How to Delete Duplicate Rows in SQL: Complete Explaination With Examples


Presence of duplicate rows can significantly impair data consistency and query performance. Efficiently identifying and eliminating these duplicate entries is crucial for maintaining a robust and accurate database system. This comprehensive guide aims to equip you with various techniques for identifying and removing duplicate rows in SQL. Through detailed explanations and practical examples, you'll gain a deeper understanding of how to handle duplicate data effectively within your SQL database.

Firstly, we have to understand How to Identify Duplicate Rows:

Identifying Duplicate Rows:

Understanding the application of the GROUP BY clause in conjunction with the HAVING clause to identify duplicate rows within a table.

SELECT name, COUNT(*as count
FROM employees
GROUP BY name
HAVING count > 1;

How to Delete Duplicate Rows Using the DISTINCT Keyword:

The DISTINCT keyword in SQL helps filter duplicate rows from the query output, ensuring that only unique combinations of the specified columns are displayed. In this example, the query specifically selects distinct combinations of the "name" and "department" columns from the "employees" table, thereby excluding any repetitive entries with identical values in both columns.

SELECT DISTINCT name, department
FROM employees;

How to Delete Duplicate Rows Using the ROW_NUMBER() Function:

This method employs a Common Table Expression (CTE) to assign a unique row number to each record, partitioned by the "name" column and ordered by the "id" column. The subsequent DELETE statement within the CTE targets rows where the assigned row number exceeds 1, resulting in the elimination of duplicate entries while preserving the distinct ones.

WITH cte AS (
    SELECT *,
           ROW_NUMBER() OVER(PARTITION BY name ORDER BY id) AS row_num
    FROM employees
)
DELETE FROM cte WHERE row_num > 1;

How to Delete Duplicate Rows Using the Common Table Expression (CTE) Method:

This technique employs a Common Table Expression (CTE) to assign sequential row numbers based on multiple columns ("name" and "department"). Subsequently, it removes the rows where the assigned row number exceeds 1, effectively eradicating duplicate entries identified through the combined columns.

WITH cte AS (
    SELECT *,
           ROW_NUMBER() OVER(PARTITION BY name, department ORDER BY id) AS row_num
    FROM employees
)
DELETE FROM cte WHERE row_num > 1;

How to Delete Duplicate Rows Using DELETE with INNER JOIN:

This example utilizes the DELETE statement with an INNER JOIN on the same table. By matching rows with the same "name" but different "id," it deletes the rows where the "id" of one entry is greater than the "id" of another entry with the same "name," effectively removing the duplicate entries.

DELETE e1
FROM employees e1
INNER JOIN employees e2 ON e1.name = e2.name AND e1.id > e2.id;

How to Delete Dupicate Rows Using Preventing Deletion: Transferring Unique Records to a New Table:-

In this example, a new table named "employees_new" is created using the CREATE TABLE AS statement. By utilizing the DISTINCT keyword in the SELECT query, only the unique rows from the "employees" table are selected and then inserted into the newly created "employees_new" table. This method effectively prevents the insertion of duplicate entries, ensuring that only distinct records are transferred to the new table.

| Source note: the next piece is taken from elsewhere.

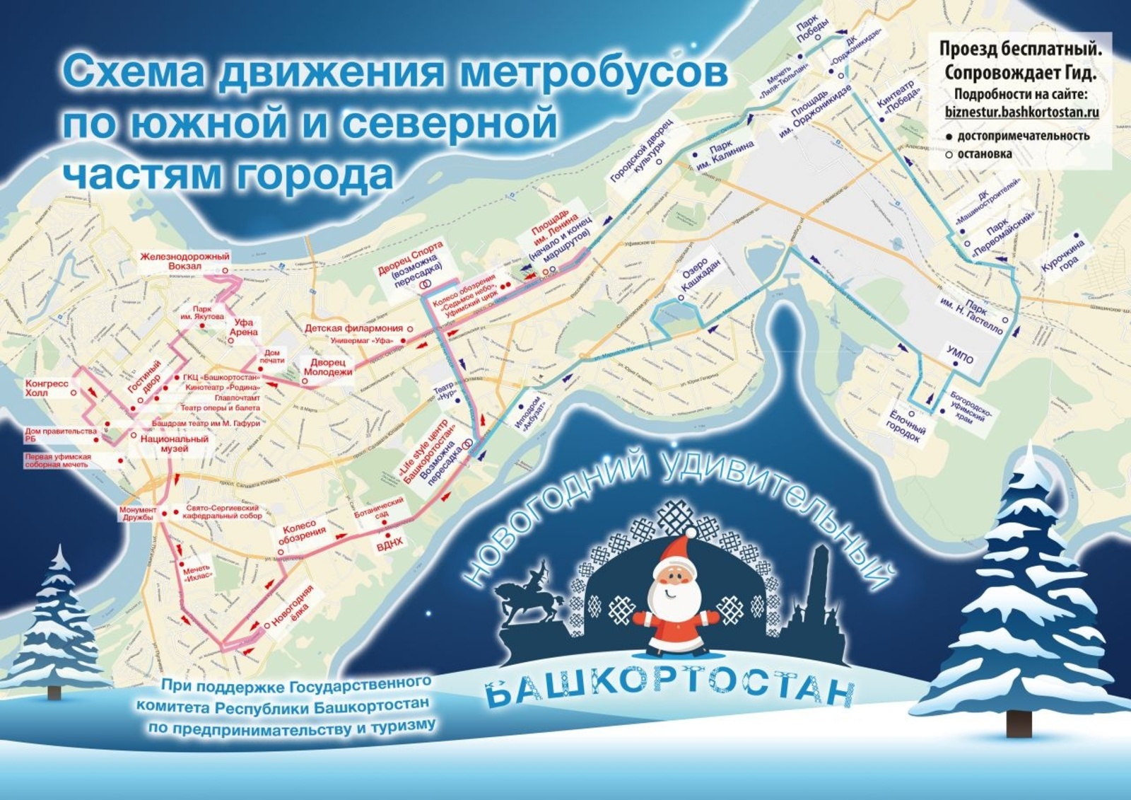 Как сообщает пресс-центр Госкомитета республики по предпринимательству и туризму, с 3 по 8 января по столице был также запущен автобус «Уфа экскурсионная», следовавший по южной части столицы. Дополнительно туроператорами региона организованы новогодние поездки по базовым экскурсионным маршрутам, участниками которых стали порядка 2000 человек. Среди востребованных маршрутов — горнолыжные курорты, базы отдыха, турбазы и санатории, а также конно-санные, снегоходные, лыжные и экскурсионные туры. В природных парках Башкортостана отдохнули свыше 700 туристов. Наибольшей популярностью пользовались парки «Иремель», «Аслы-куль» и «Мурадымовское ущелье».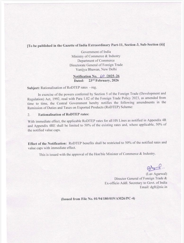 RoDTEP योजना के तहत निर्यातकों को उत्पादन और वितरण के दौरान चुकाए गए उन टैक्स और ड्यूटी का रिफंड मिलता था जो किसी अन्य व्यवस्था के तहत वापस नहीं मिलता. पहले यह रिफंड निर्यात मूल्य के करीब 0.3% से 4.3% तक होता था जिसे अब घटाकर लगभग 0.15% से 2.15% कर दिया गया है. इससे निर्यात करने वाली कंपनियों की लागत बढ़ने और मार्जिन पर दबाव आने की आशंका है.

CREATE TABLE employees_new AS
SELECT DISTINCT *
FROM employees;

Conclusion:

The elimination of duplicate rows is a critical aspect of maintaining data accuracy and ensuring the seamless performance of SQL operations. By harnessing techniques such as the DISTINCT keyword, the ROW_NUMBER() function, and the combined usage of DELETE and INNER JOIN, you can proficiently manage and eliminate duplicate entries from your SQL database. This guide equips you with the necessary tools to handle duplicate rows efficiently, fostering data integrity and enhancing the overall efficiency of your data management practices.